The illusive high impact paper
Wednesday, May 28th, 2008Sciencewomen describes a problem I know very well:
On a day when I am feeling increasingly dismal about the publication prospects of my current project, my mood was not lightened with the arrival of the table of contents for the current issue of a very high impact journal (say, cell/nature/science). One of the papers was right up my research alley and the lead author is someone junior to me. Why is it that the other guy is getting a very high profile paper and I'm struggling to get results that will merit publication at all?
I did my PhD in theoretical computer science, where high impact papers (high impact outside your own field, that is) are few and far between, and I didn't really expect to write high impact papers then.

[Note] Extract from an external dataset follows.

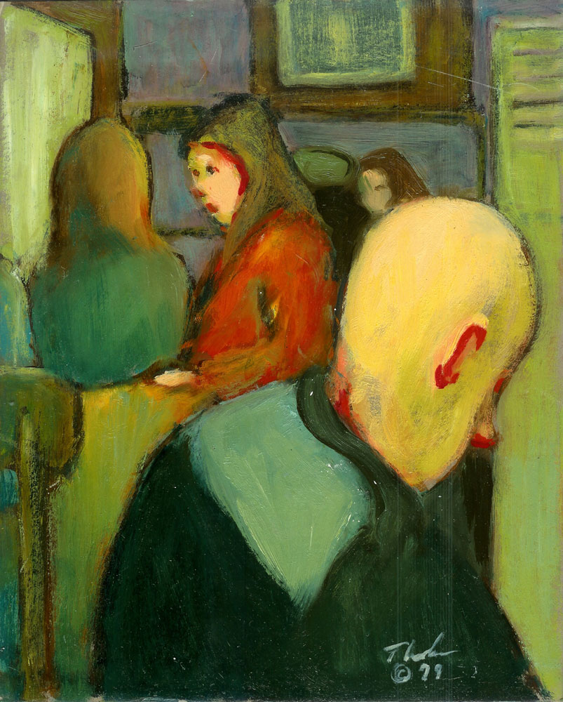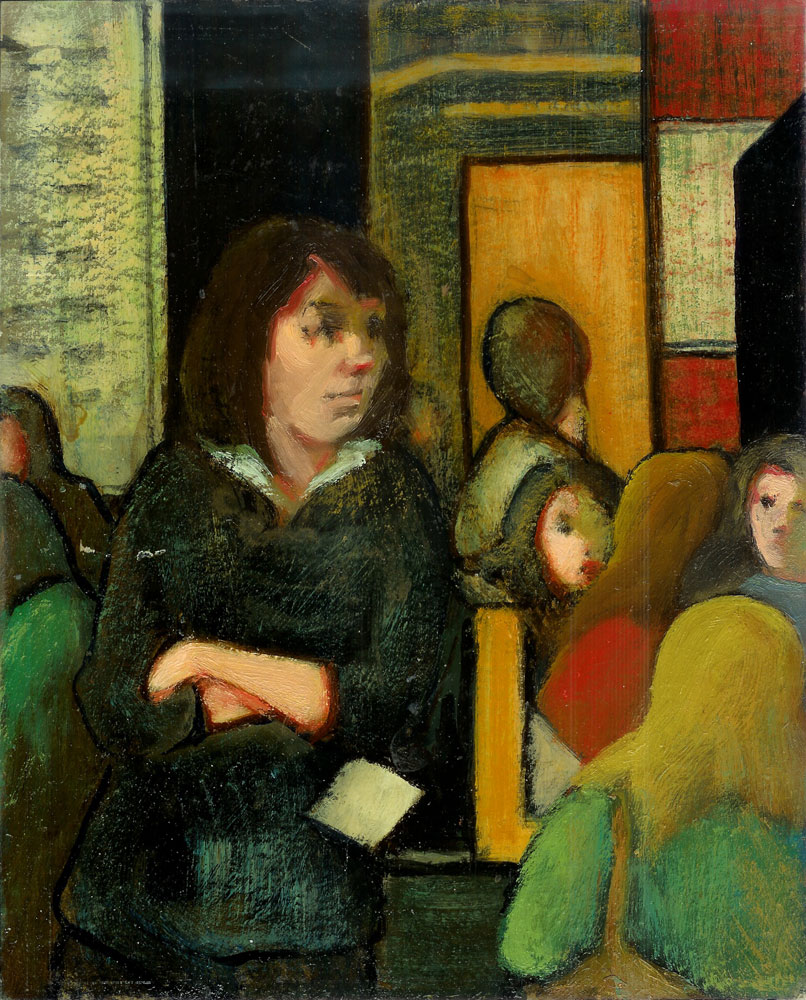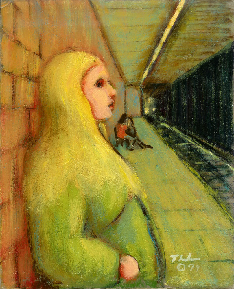 Waiting on the IRT Platform - 10"x8" Oil on Poster Board - 1970s

Now I'm doing bioinformatics, and that is a hot field, so now I do want to, but I am not particularly successful. There's a few that have received some interest, in particularly this one about the speciation of humans, but I wasn't the first author on that.
Lately, I do not seem to manage to be first author on any paper...

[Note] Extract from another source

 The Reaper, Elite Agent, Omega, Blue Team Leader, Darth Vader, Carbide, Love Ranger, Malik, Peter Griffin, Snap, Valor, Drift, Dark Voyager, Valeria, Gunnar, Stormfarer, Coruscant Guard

I'm in the weird situation where I am not senior enough to be last author on any paper, but I am spending too much time on too many different projects that I can focus enough on a single project to expect to be first author on a paper.
I feel like I've substituted quantity of publications for quality. Of course, I have no one to blame but myself, so I just need to change my working habits, I guess. Spending too much time blogging probably doesn't help either.
Great, now I'm depressed. What a way to start the day... Oh well, I'll head to the office to get some work done, that should cheer me up!